The last major theme of the book is how the adult world is full of phonies. It is a simple word to express hypocrisy, pretension, shallowness, and anything superficial. He encounters this everywhere he goes, and the words "phony" and "phoniness" are used abundantly in the text. He uses it to describe everything that is wrong in the world, and excuse himself for withdrawing into his own cynical isolation.

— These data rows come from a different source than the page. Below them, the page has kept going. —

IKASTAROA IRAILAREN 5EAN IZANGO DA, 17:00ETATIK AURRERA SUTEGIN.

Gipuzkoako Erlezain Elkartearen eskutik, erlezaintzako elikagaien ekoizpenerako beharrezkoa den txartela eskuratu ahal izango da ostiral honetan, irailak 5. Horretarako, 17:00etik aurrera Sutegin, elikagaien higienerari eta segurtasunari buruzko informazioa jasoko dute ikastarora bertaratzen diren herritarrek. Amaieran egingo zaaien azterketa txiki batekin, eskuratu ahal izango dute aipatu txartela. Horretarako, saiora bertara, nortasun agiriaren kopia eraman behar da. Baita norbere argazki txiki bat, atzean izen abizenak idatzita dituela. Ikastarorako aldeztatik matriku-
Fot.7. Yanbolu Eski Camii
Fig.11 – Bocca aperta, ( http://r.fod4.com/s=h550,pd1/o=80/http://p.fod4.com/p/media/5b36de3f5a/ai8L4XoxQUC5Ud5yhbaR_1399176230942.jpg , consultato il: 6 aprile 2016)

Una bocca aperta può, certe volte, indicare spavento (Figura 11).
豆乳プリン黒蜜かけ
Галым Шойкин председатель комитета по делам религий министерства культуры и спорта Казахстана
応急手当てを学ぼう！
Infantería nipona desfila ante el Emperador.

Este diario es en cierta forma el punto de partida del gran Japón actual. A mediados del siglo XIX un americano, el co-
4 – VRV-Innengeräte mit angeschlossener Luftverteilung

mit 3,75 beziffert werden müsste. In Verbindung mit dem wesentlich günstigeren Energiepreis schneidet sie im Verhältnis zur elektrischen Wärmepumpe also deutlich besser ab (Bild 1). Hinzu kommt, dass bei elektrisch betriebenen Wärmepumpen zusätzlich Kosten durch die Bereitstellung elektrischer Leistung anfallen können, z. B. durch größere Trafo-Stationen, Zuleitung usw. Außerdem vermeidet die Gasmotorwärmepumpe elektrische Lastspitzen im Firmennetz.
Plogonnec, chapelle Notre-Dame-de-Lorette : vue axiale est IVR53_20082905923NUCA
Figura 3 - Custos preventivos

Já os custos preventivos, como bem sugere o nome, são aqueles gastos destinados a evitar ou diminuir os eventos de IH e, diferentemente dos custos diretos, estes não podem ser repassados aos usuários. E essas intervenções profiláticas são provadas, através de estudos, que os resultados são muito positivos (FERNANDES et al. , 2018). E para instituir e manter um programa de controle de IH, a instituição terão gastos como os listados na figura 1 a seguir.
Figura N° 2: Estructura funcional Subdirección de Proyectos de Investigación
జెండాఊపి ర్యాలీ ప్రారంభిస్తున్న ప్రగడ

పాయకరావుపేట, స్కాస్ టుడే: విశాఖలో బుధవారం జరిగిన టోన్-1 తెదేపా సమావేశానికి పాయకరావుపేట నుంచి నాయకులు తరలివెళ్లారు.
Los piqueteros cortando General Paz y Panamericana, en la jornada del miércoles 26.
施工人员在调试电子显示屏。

Underlying themes include loneliness, relationships, intimacy and sexuality, and deception. He depends on his isolation to preserve his detachment from the world and to maintain a level of self-protection, so he often sabotages his own attempts to end his loneliness, despite wishing that he wasn't so lonely. It's an emotional manifestation of his alienation from the world, and although it brings him great pain, it is his only security. With the relationships and all that goes with it, the complexity of it all scares him and yet he longs for the emotional relationship side of things with girls. He talks of sex and his fears of it, and how he wishes he could do it and be done with it, but he can't advance on this project because he feels like he could never have sex with a girl he had no feelings for. The girls he has feelings for, he could never because he cares for the girls and doesn't want to be just another jerk. He has had plenty of opportunity he remarks several times, but he shies away from intimacy. As for deception, he feels most upset by it due to his own actions, the lies he tells when he cannot be upfront about his own shortcomings. He is very quick to blame others, the same as all the phonies he encounters.

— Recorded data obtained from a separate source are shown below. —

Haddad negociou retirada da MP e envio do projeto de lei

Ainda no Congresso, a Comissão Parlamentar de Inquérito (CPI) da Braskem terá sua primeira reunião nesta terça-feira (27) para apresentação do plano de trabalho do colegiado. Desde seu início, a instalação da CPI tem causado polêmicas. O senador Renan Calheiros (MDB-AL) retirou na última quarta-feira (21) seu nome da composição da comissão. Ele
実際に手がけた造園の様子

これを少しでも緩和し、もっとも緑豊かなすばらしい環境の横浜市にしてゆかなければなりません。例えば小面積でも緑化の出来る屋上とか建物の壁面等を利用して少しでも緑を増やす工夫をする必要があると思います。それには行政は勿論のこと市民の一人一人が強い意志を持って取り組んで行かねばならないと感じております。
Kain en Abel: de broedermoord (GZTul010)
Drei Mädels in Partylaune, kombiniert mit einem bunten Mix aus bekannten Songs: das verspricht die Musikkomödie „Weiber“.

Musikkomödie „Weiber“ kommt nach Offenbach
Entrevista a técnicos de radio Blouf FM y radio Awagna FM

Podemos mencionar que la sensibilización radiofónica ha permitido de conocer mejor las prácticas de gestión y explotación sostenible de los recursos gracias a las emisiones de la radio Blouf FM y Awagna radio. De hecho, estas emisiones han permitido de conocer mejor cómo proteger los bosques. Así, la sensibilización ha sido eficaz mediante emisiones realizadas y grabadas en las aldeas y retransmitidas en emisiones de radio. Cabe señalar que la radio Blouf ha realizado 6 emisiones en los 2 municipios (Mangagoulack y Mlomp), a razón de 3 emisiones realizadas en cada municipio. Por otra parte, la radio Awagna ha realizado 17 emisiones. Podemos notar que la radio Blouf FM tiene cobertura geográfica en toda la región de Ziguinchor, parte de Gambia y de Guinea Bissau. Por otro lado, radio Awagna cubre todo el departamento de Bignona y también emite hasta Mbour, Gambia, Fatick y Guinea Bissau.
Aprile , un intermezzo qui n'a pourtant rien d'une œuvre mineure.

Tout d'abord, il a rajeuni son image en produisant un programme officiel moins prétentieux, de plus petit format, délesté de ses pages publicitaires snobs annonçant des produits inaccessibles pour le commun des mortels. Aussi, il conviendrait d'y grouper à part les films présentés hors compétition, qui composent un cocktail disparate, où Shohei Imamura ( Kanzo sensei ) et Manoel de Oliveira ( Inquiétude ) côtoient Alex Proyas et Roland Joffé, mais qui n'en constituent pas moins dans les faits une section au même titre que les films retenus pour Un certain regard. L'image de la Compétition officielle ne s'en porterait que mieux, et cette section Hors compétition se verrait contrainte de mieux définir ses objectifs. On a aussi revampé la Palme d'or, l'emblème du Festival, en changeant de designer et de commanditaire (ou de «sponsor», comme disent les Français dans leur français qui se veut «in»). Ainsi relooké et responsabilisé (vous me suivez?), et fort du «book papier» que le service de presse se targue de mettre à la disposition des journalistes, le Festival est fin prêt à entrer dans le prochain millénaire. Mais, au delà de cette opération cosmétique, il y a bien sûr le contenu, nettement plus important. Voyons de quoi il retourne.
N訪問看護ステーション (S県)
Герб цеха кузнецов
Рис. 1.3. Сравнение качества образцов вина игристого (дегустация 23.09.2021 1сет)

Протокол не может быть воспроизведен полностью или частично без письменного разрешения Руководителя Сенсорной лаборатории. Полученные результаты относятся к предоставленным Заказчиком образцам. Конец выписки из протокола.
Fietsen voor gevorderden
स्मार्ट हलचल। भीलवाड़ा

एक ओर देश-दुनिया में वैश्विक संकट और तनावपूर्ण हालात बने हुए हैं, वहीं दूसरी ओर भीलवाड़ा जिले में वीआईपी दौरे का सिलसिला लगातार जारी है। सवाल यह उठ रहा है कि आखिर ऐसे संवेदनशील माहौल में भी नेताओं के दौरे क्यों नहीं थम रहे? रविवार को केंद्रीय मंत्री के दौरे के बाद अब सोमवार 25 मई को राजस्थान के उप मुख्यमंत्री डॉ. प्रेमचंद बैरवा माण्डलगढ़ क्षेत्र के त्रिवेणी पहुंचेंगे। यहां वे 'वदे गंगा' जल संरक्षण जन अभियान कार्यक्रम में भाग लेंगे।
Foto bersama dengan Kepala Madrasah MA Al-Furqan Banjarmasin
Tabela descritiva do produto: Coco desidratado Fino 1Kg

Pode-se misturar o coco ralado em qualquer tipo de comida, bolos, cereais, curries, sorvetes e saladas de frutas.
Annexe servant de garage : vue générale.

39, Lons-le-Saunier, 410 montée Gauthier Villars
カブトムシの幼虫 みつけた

The book has a few important symbols, but I will only touch on the one that leaves us with the title. Robert Burns song "Comin' Thro' the Rye." is being sung by a child on the road in New York. Holden watches as the child walks on the road singing and his parents (the child's) pay him no mind. Later in the book, when Holden is with his kid sister Pheobe, and she asks him what he wants to do with his life he says he wants to be the catcher in the rye. He says, he imagines a rye field up on a cliff, and he would catch the children and stop them from falling as they play in the field. Pheobe says to him, that the lyrics are not catch a body, but meet a body. The irony is, the word meet in the song relates to a romantic, one could say, encounter of two people in a rye field. The song is about, two people having this encounter and then not planning to have any sort of commitment to each other. It is the complete opposite of what Holden wishes, because when he substitutes catch for meet, he is planning on catching the children before they fall out of innocence, into the adult world which would include the knowledge of sex.

This somehow got warped into a lame attempt of a literary essay rather than a book review. Judging by the length upon revisiting I am going to end it there. I know this is a bad choice since I don't really have a conclusion but. This book is worth reading, so if it is appropriate to your age and reading level, please, do check it out.